Due to the unique SR controls of related studies, we weren’t able to use meta-analysis to access the connection of the -509C/T or codon 10 T/C polymorphisms with the clearance of HCV. Moreover, the proposed meta-analysis results of two studies in the gene model of C vs. G showed that no significant association was found between the polymorphism of -25G/C and the spontaneous clearance of HCV. So deep researchs are warranted to accurately clarify the correlation of these SNPs and the spontaneous clearance of HCV.

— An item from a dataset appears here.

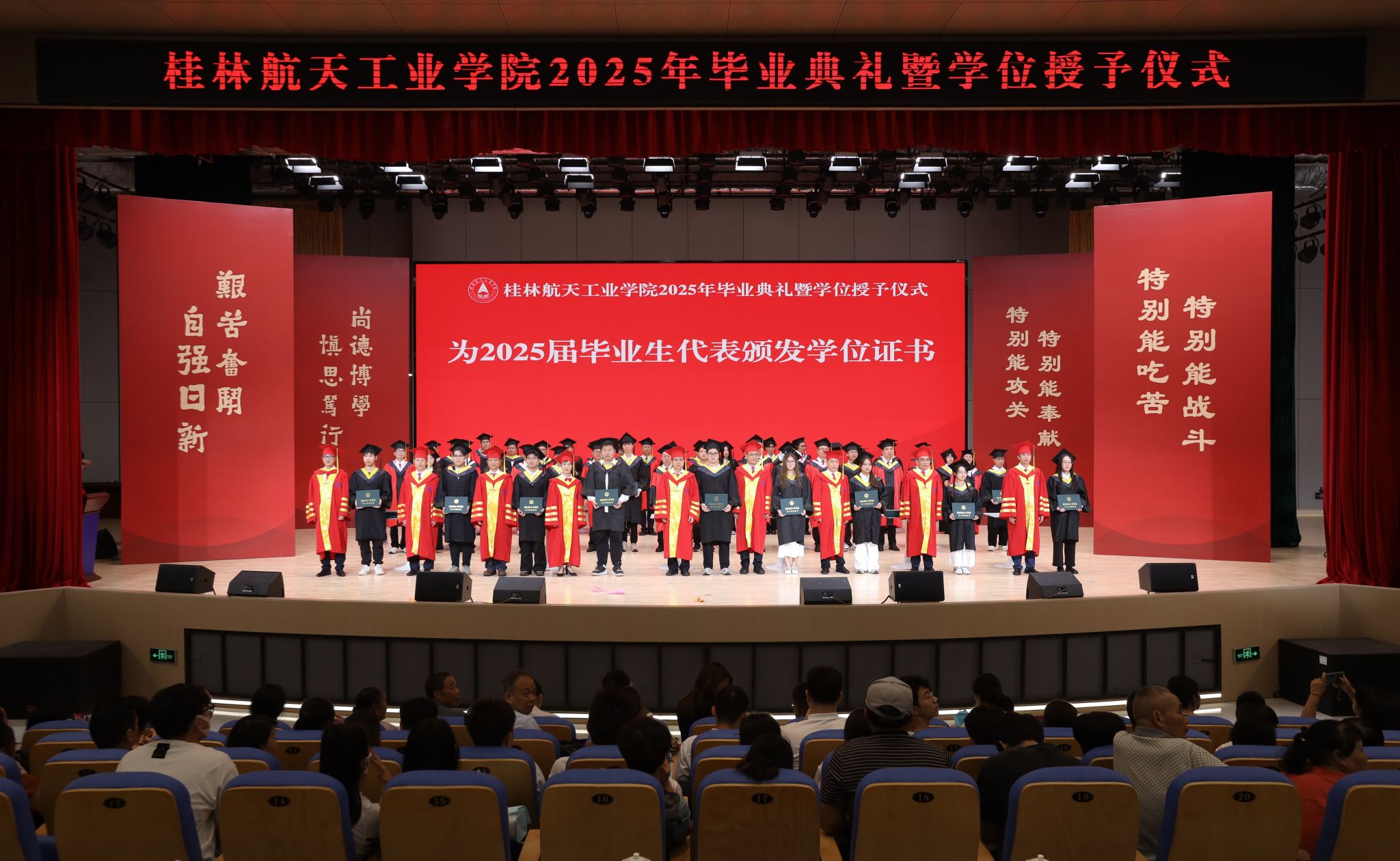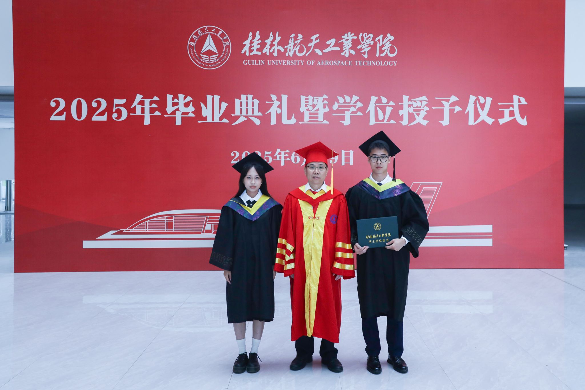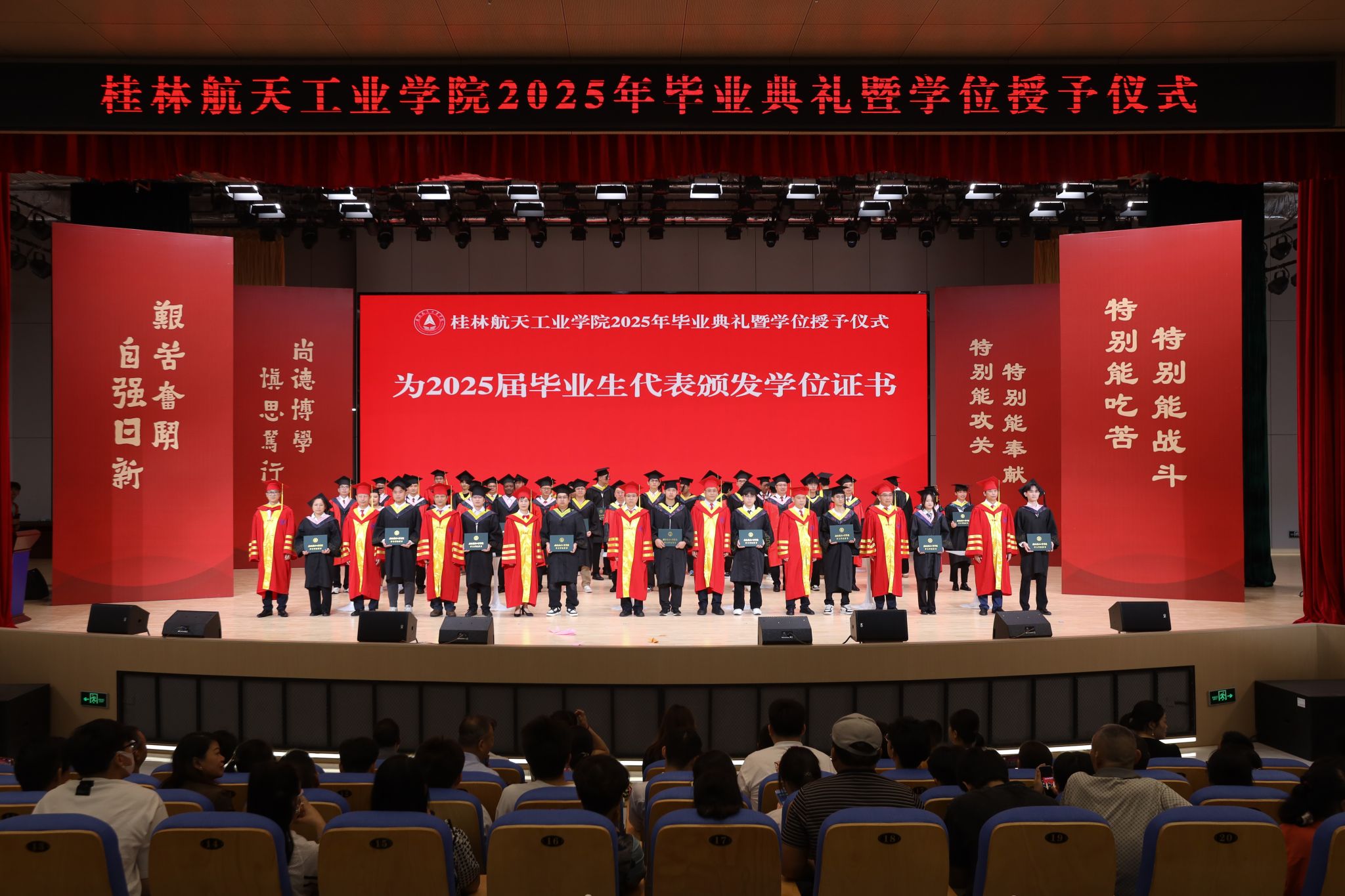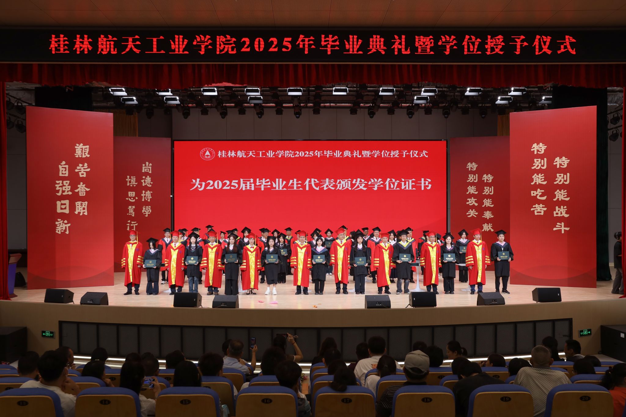 典礼上,精彩的情景剧《在盛夏告别》和朗诵《航天精神·桂航星辰》,展现了桂航学子的青春风采和航天精神。在感恩环节中,毕业生代表向专任教师、辅导员、教学秘书、实验室管理员、宿舍管理员、安全保卫员等校园各岗位工作人员献花,感谢他们多年来的默默坚守与无私奉献。四位教师带来歌曲《故事的最终》,以歌声表达不舍与祝福。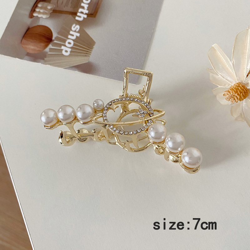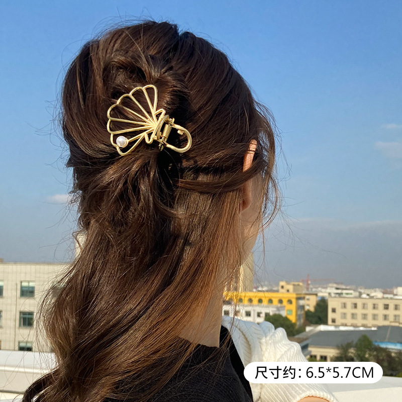 한국식 뒷머리 머리핀 여성용 활 펜던트 그랩 클립 진주 술 금속 상어 클립 디스크 헤어 클립 머리 장식스토어 가기

Previous study reported high differences of these allelic frequencies from different ancestries [22]. Therefore, we conducted subgroup analyses by the ethnicity. The populations from Iran, Germany, American-Caucasian, and Ireland were classified as the Caucasians; the populations from Japan, Pakistan, and China were classified as the Asians; and the populations from Brazil, Morocco, and Mexico were classified as the mixed races populations. For the race of Egyptian, we searched for the relevant articles and consulted the geographers, but the results were inconsistent. In order to reduce the substantial genetic heterogeneity, we categorized the Egyptian as a separate subgroup.